ACTIVITY -> Reproduce the entire listing exactly as written, apart from its pictures.

SUPPLIED DATA ->
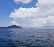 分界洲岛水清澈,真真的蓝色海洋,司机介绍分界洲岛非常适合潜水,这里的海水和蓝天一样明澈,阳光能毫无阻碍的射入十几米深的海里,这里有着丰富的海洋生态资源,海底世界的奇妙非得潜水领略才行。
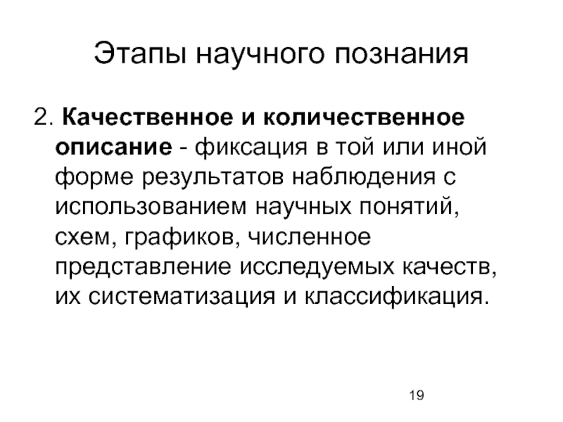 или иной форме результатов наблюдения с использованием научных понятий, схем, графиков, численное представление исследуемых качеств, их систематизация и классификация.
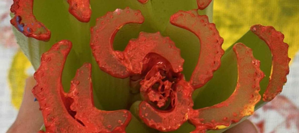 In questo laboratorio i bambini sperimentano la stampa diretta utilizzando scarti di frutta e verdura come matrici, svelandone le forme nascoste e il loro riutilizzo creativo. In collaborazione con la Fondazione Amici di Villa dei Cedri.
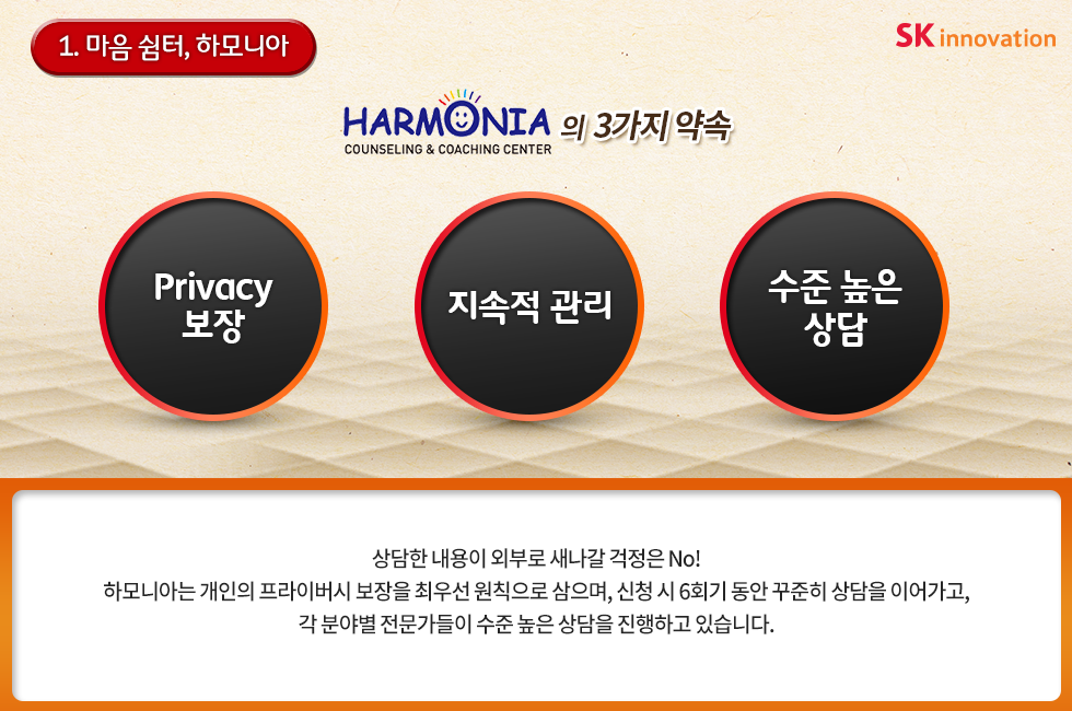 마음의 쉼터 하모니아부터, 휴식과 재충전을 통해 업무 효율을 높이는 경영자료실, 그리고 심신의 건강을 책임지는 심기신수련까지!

TASK OUTPUT ->
 分界洲岛水清澈,真真的蓝色海洋,司机介绍分界洲岛非常适合潜水,这里的海水和蓝天一样明澈,阳光能毫无阻碍的射入十几米深的海里,这里有着丰富的海洋生态资源,海底世界的奇妙非得潜水领略才行。
 или иной форме результатов наблюдения с использованием научных понятий, схем, графиков, численное представление исследуемых качеств, их систематизация и классификация.
 In questo laboratorio i bambini sperimentano la stampa diretta utilizzando scarti di frutta e verdura come matrici, svelandone le forme nascoste e il loro riutilizzo creativo. In collaborazione con la Fondazione Amici di Villa dei Cedri.
 마음의 쉼터 하모니아부터, 휴식과 재충전을 통해 업무 효율을 높이는 경영자료실, 그리고 심신의 건강을 책임지는 심기신수련까지!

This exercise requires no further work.